EXERCISE DIRECTIONS
Starting at the top of the records below, write out each line exactly as it stands, stopping after the line with "白宫发的照片里,万斯坐在战情"; exclude the pictures.

══ SUPPLIED DATA ══

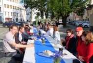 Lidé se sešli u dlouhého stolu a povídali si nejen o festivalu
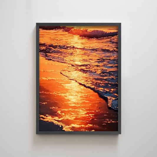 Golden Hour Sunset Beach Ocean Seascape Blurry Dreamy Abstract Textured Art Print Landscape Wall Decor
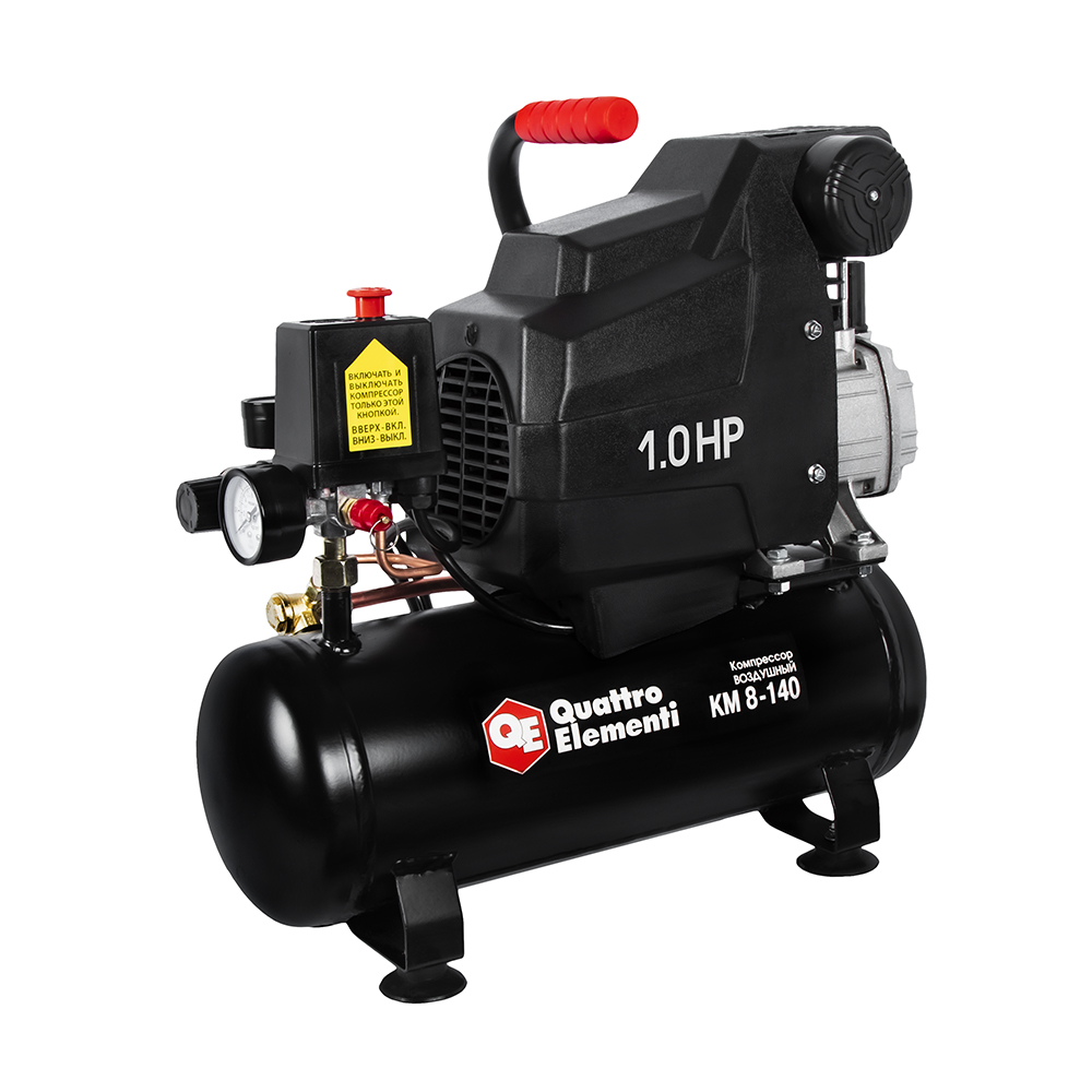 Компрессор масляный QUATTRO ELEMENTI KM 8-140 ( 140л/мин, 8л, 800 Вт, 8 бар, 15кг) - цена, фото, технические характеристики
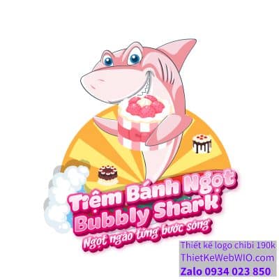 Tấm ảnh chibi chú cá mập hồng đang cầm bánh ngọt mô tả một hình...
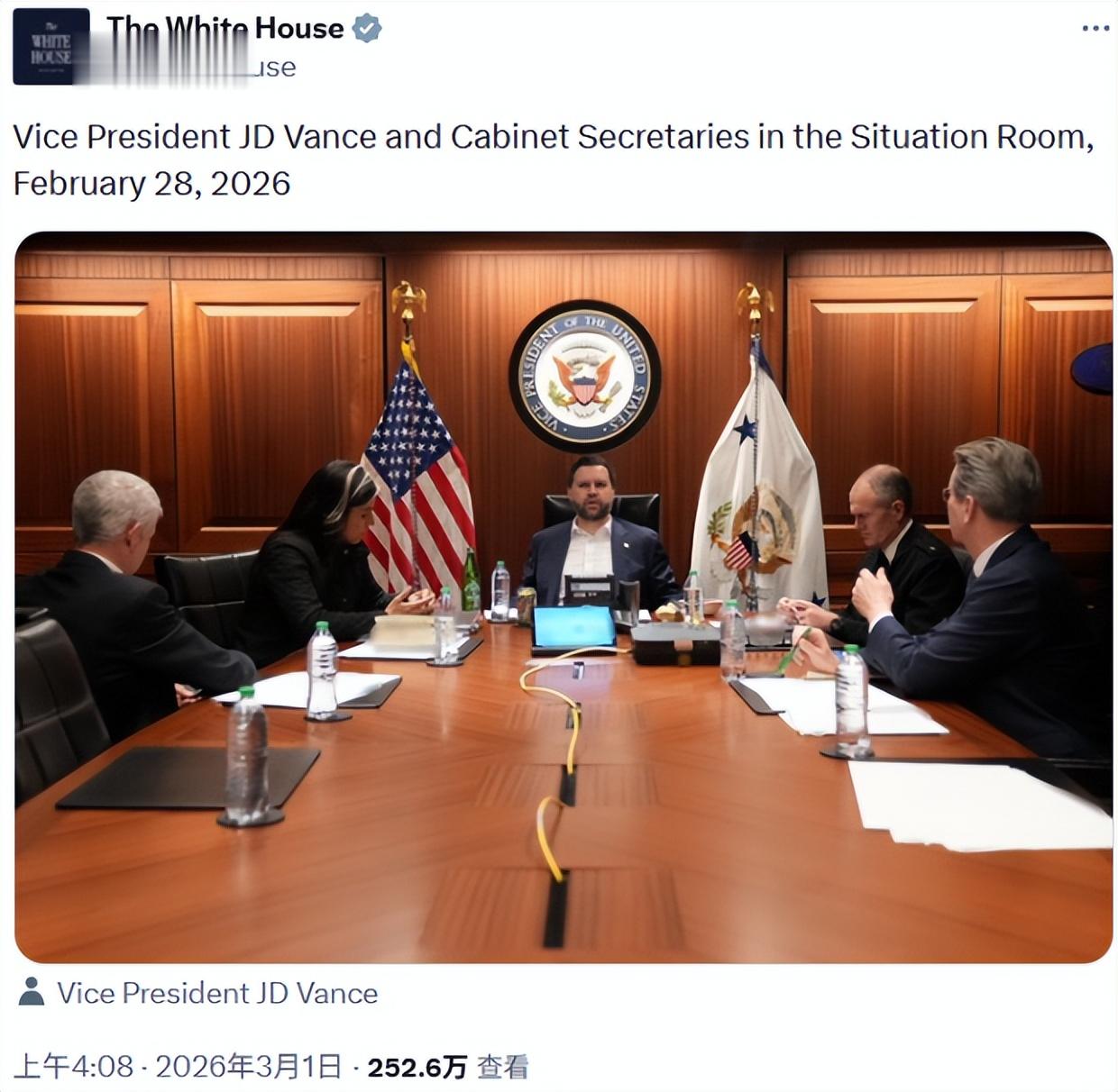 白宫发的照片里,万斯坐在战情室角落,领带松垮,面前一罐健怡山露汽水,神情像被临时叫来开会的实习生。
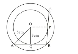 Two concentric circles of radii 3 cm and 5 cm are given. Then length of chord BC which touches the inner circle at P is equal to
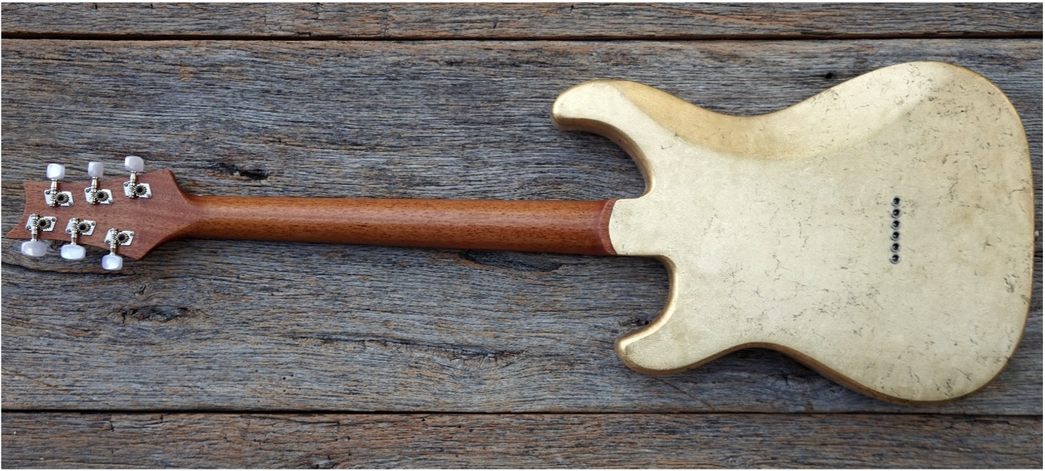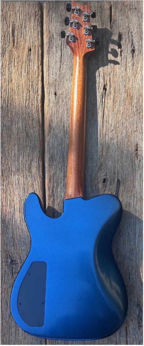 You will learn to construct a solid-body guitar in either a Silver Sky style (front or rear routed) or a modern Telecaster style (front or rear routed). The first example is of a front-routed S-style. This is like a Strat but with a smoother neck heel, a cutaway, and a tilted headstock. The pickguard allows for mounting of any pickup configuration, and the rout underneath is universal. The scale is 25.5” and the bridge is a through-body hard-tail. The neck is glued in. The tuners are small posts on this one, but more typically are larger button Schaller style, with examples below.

═══

FINISHED EXERCISE
 Lidé se sešli u dlouhého stolu a povídali si nejen o festivalu
 Golden Hour Sunset Beach Ocean Seascape Blurry Dreamy Abstract Textured Art Print Landscape Wall Decor
 Компрессор масляный QUATTRO ELEMENTI KM 8-140 ( 140л/мин, 8л, 800 Вт, 8 бар, 15кг) - цена, фото, технические характеристики
 Tấm ảnh chibi chú cá mập hồng đang cầm bánh ngọt mô tả một hình...
 白宫发的照片里,万斯坐在战情室角落,领带松垮,面前一罐健怡山露汽水,神情像被临时叫来开会的实习生。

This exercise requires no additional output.